Using the listing below, output only the lines from the one that contains "#include <stdio.h> int" through the one that contains "Eine sehr hübsche", inclusive, exactly as given and without images.

Supplied material.
---------------

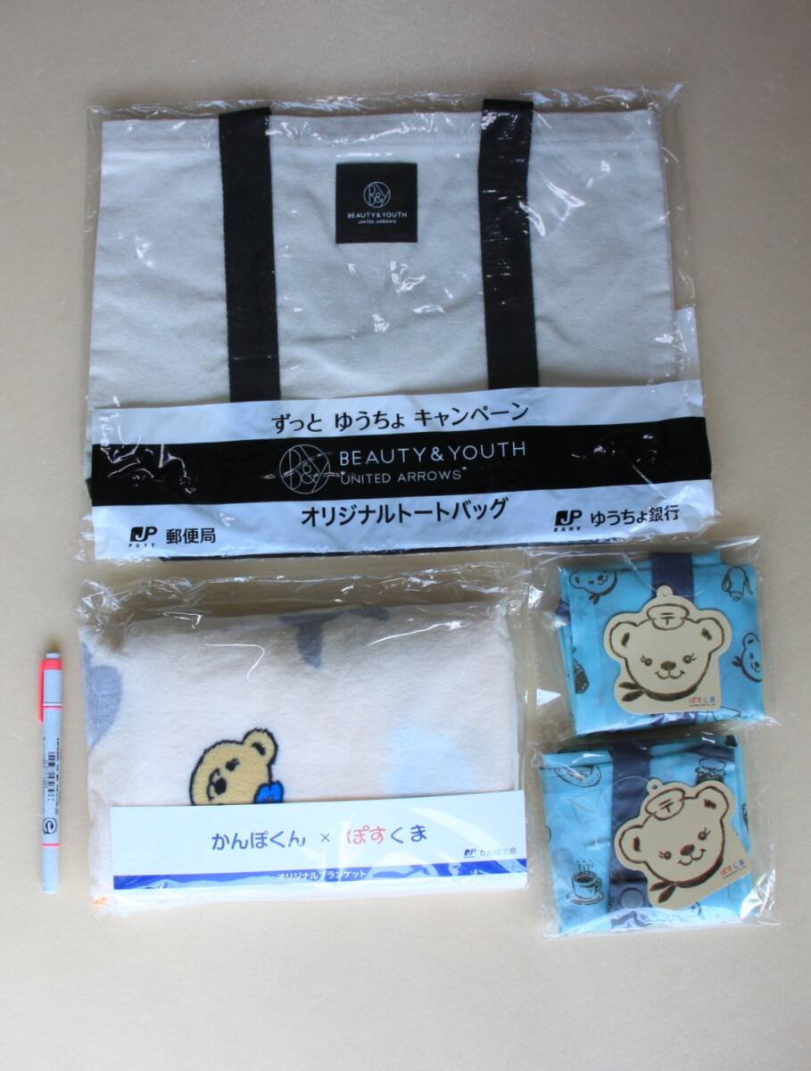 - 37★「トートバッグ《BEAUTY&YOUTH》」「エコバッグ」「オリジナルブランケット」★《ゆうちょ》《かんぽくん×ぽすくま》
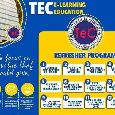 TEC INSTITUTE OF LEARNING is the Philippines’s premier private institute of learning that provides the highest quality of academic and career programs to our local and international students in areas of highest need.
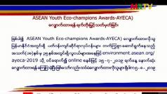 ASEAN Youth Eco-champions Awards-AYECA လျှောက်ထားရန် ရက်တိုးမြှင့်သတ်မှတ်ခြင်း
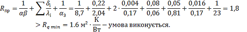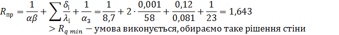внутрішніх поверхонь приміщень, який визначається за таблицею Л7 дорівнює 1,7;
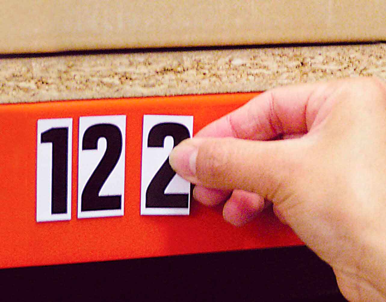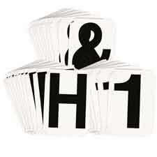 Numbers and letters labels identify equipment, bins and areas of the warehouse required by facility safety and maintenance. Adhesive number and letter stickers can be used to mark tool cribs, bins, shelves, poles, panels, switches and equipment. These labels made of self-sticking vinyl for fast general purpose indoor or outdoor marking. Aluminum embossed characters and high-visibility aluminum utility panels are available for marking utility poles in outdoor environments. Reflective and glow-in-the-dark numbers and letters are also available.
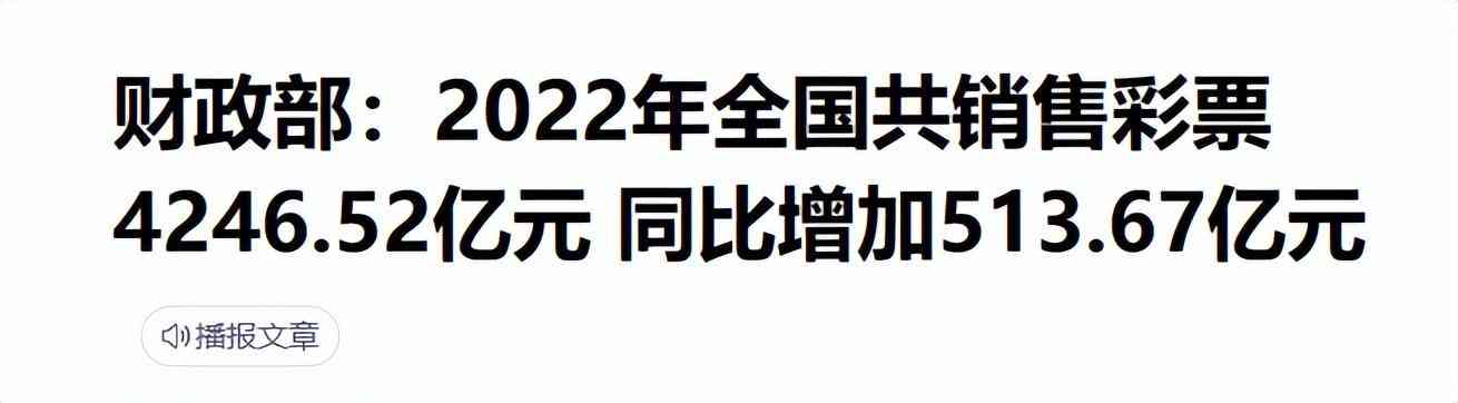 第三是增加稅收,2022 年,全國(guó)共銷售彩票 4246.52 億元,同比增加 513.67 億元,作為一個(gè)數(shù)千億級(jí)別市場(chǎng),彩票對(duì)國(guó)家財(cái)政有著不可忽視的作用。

---------------

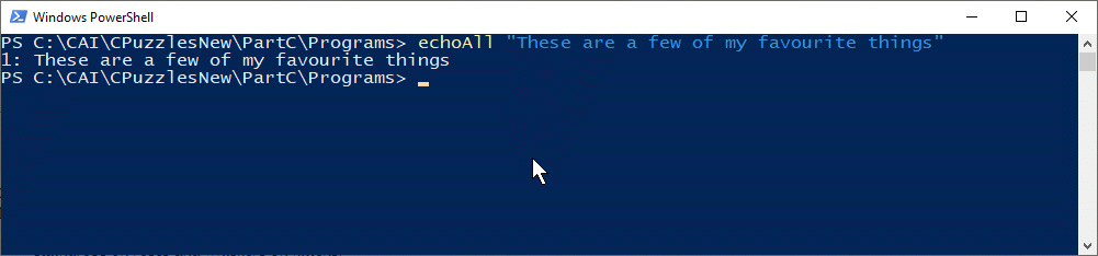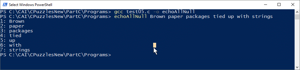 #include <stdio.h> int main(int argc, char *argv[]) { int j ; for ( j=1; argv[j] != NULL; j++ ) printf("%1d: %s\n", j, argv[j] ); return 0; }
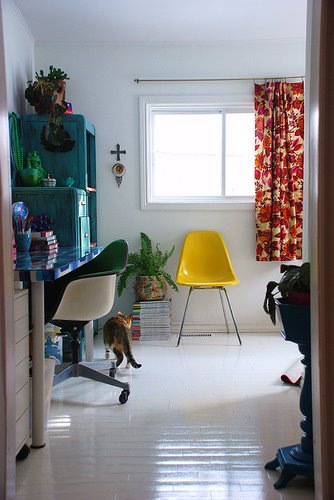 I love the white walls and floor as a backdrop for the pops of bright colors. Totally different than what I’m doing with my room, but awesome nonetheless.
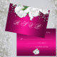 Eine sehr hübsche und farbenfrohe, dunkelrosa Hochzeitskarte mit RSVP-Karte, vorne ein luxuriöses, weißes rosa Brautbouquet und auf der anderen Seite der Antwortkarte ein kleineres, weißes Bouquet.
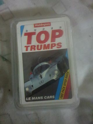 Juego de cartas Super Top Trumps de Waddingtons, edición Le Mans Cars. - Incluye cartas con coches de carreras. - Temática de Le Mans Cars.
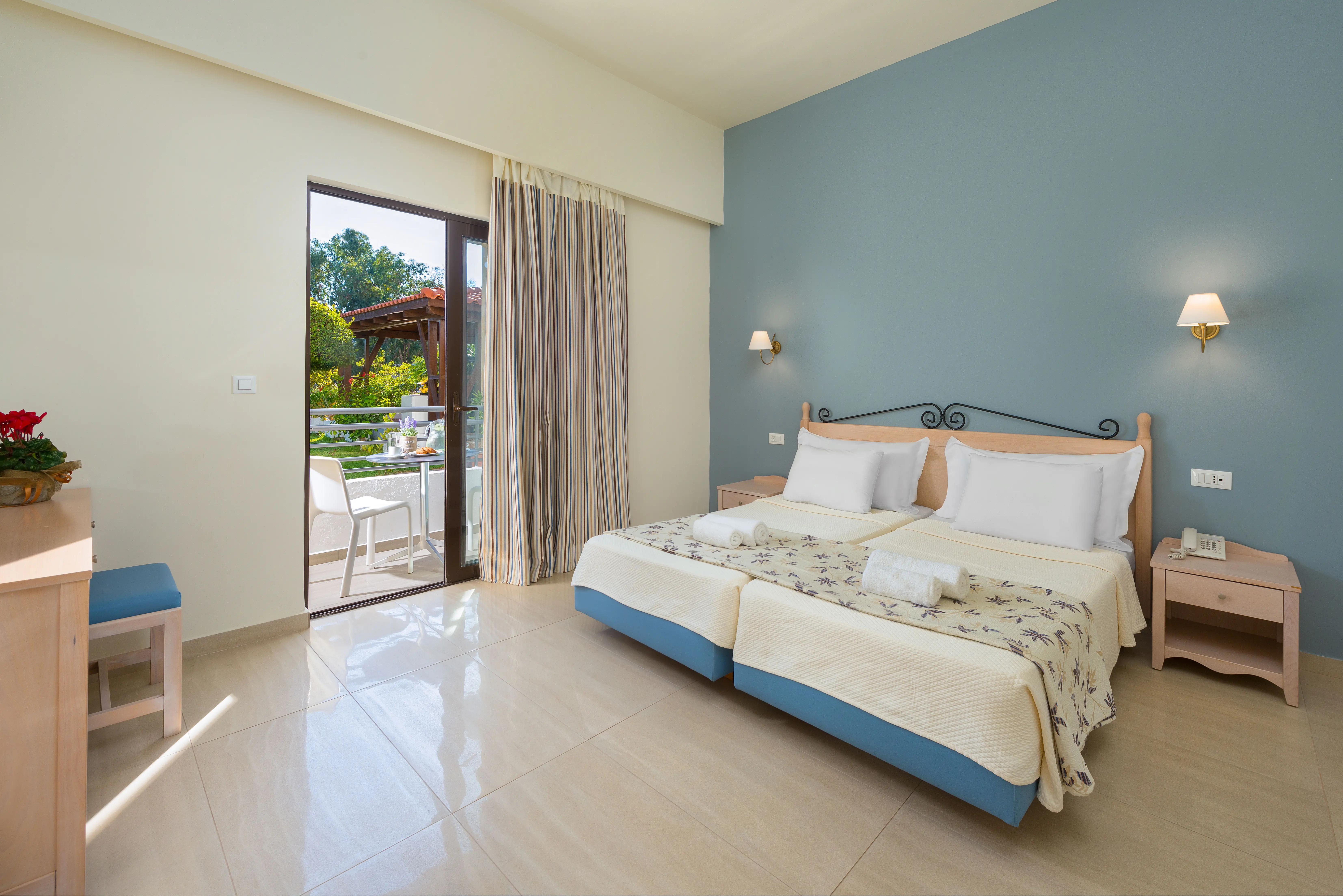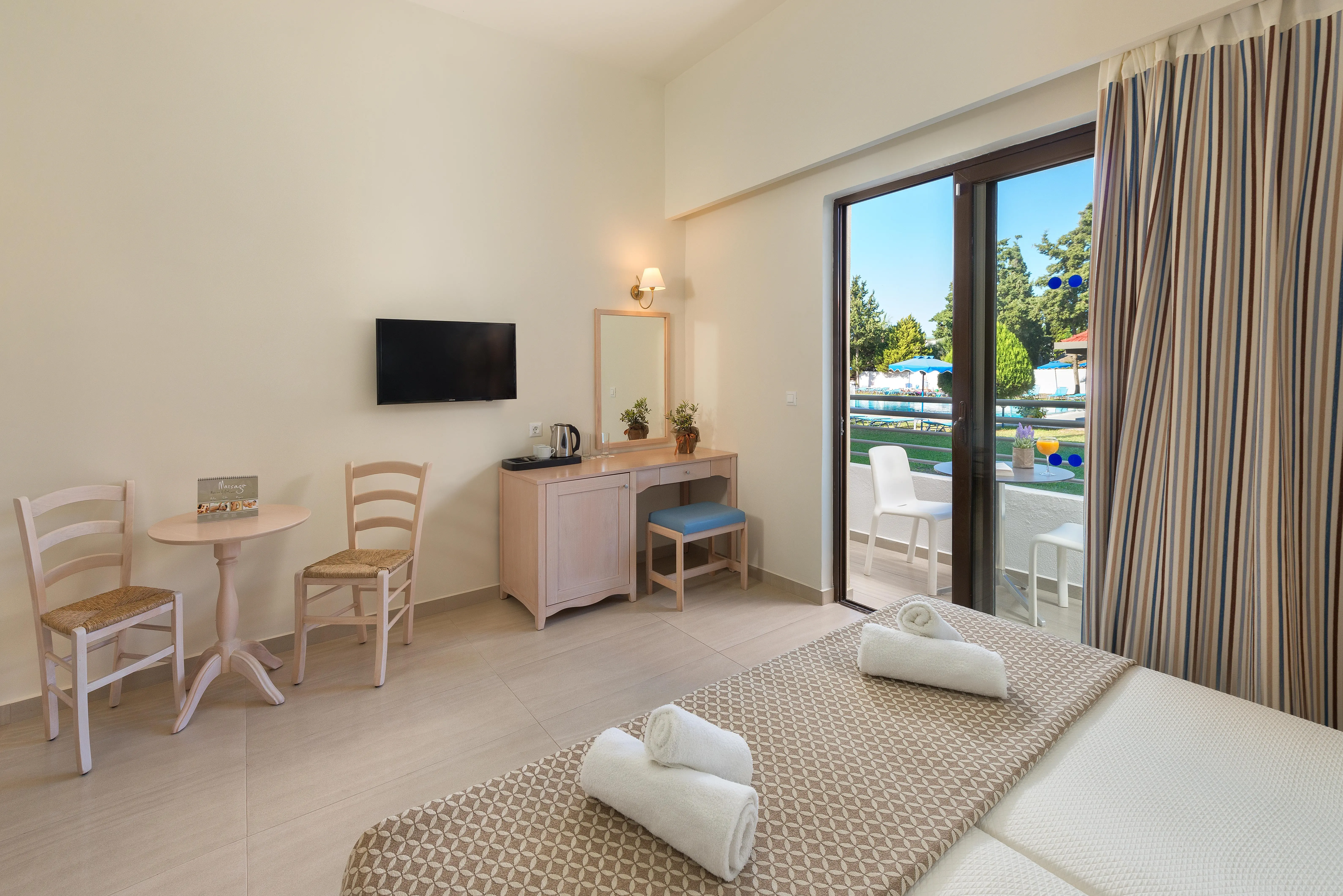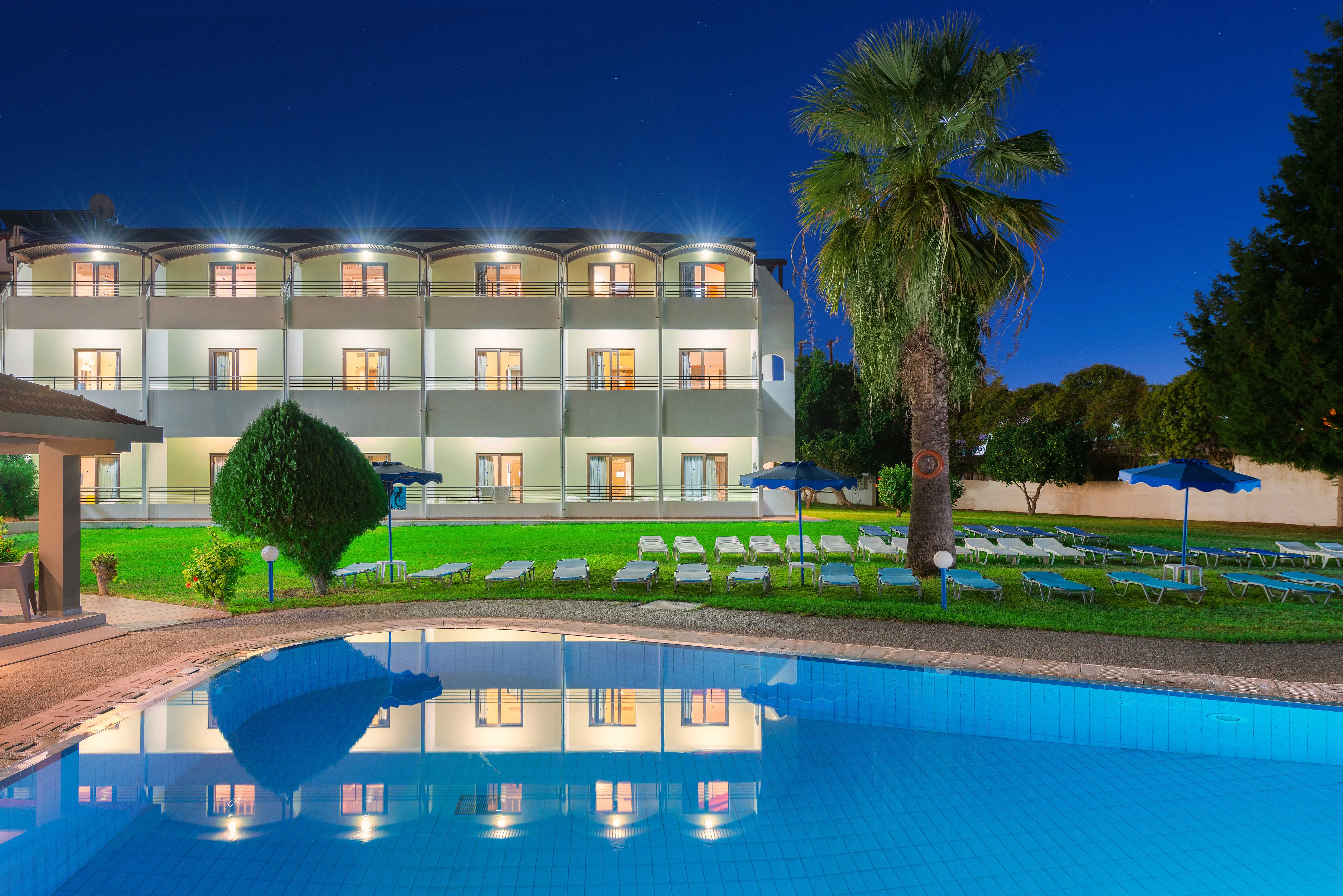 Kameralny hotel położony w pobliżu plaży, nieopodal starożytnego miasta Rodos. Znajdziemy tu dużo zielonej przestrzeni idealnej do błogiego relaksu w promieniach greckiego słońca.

---------------

Written solution.
 #include <stdio.h> int main(int argc, char *argv[]) { int j ; for ( j=1; argv[j] != NULL; j++ ) printf("%1d: %s\n", j, argv[j] ); return 0; }
 I love the white walls and floor as a backdrop for the pops of bright colors. Totally different than what I’m doing with my room, but awesome nonetheless.
 Eine sehr hübsche und farbenfrohe, dunkelrosa Hochzeitskarte mit RSVP-Karte, vorne ein luxuriöses, weißes rosa Brautbouquet und auf der anderen Seite der Antwortkarte ein kleineres, weißes Bouquet.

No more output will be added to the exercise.